Directions for this task: In your copy, each line below is repeated exactly and no image appears.
***** Stored data *****
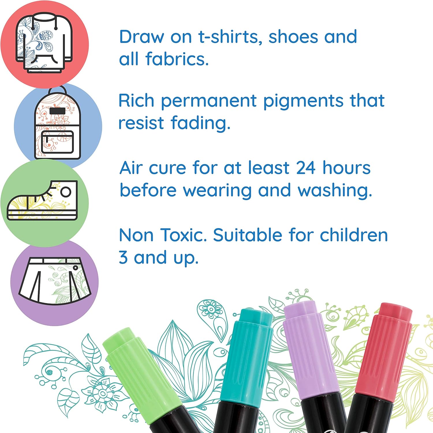 - Unlimited Uses: Let your imagination run wild when using these fabric markers as you can decorate everything from T-shirts, clothing, shoes, bags, place-mats to baby items like bibs! Use them to show off your creative side and produce your own stunning artwork!
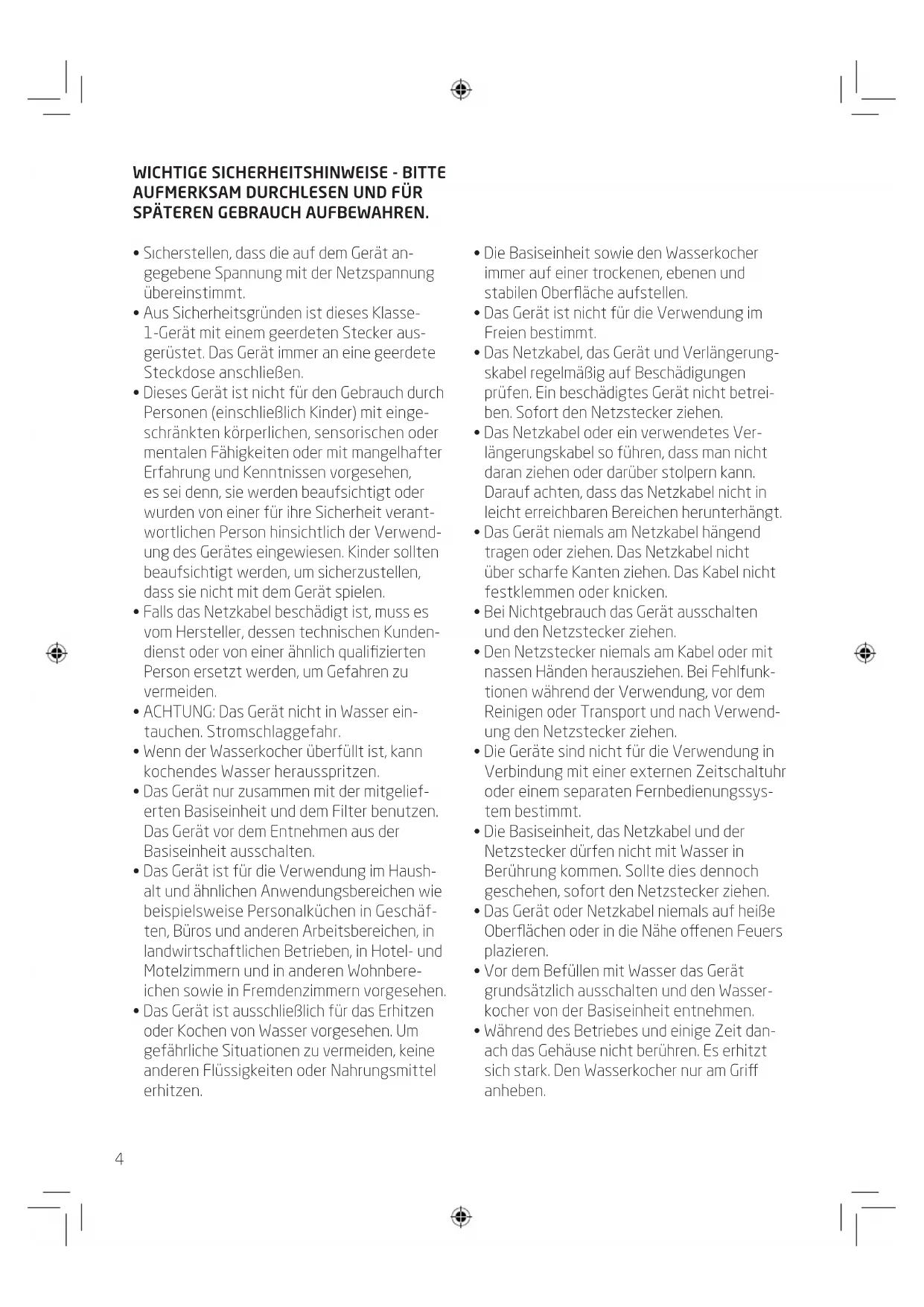 - Das Gerät ist ausschließlich für das Erhitzen oder Kochen von Wasser vorgesehen. Um gefährliche Situationen zu vermeiden, keine anderen Flüssigkeiten oder Nahrungsmittel erhitzen.
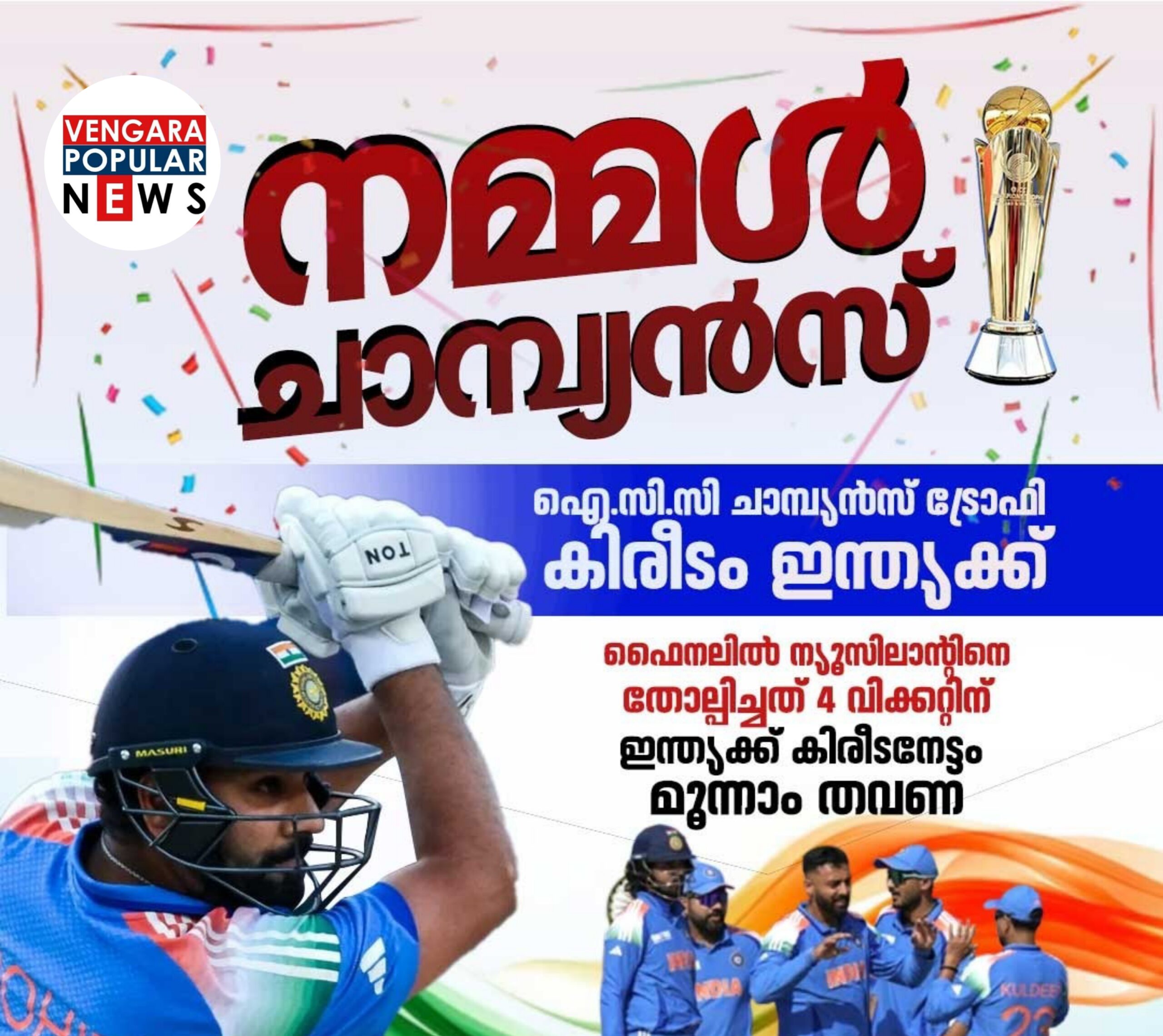 ചാംപ്യൻസ് ട്രോഫി കിരീടത്തിൽ ഇന്ത്യൻ മുത്തം. മിച്ചൽ സാന്റ്നറിനേയും സംഘത്തിനേയും നാല് വിക്കറ്റിന് ഇന്ത്യ തോൽപ്പിച്ചു. 252 റൺസ് വിജയ ലക്ഷ്യം പിന്തുടർന്ന ഇന്ത്യ ആറ്
*****
Answer box:
 - Unlimited Uses: Let your imagination run wild when using these fabric markers as you can decorate everything from T-shirts, clothing, shoes, bags, place-mats to baby items like bibs! Use them to show off your creative side and produce your own stunning artwork!
 - Das Gerät ist ausschließlich für das Erhitzen oder Kochen von Wasser vorgesehen. Um gefährliche Situationen zu vermeiden, keine anderen Flüssigkeiten oder Nahrungsmittel erhitzen.
 ചാംപ്യൻസ് ട്രോഫി കിരീടത്തിൽ ഇന്ത്യൻ മുത്തം. മിച്ചൽ സാന്റ്നറിനേയും സംഘത്തിനേയും നാല് വിക്കറ്റിന് ഇന്ത്യ തോൽപ്പിച്ചു. 252 റൺസ് വിജയ ലക്ഷ്യം പിന്തുടർന്ന ഇന്ത്യ ആറ്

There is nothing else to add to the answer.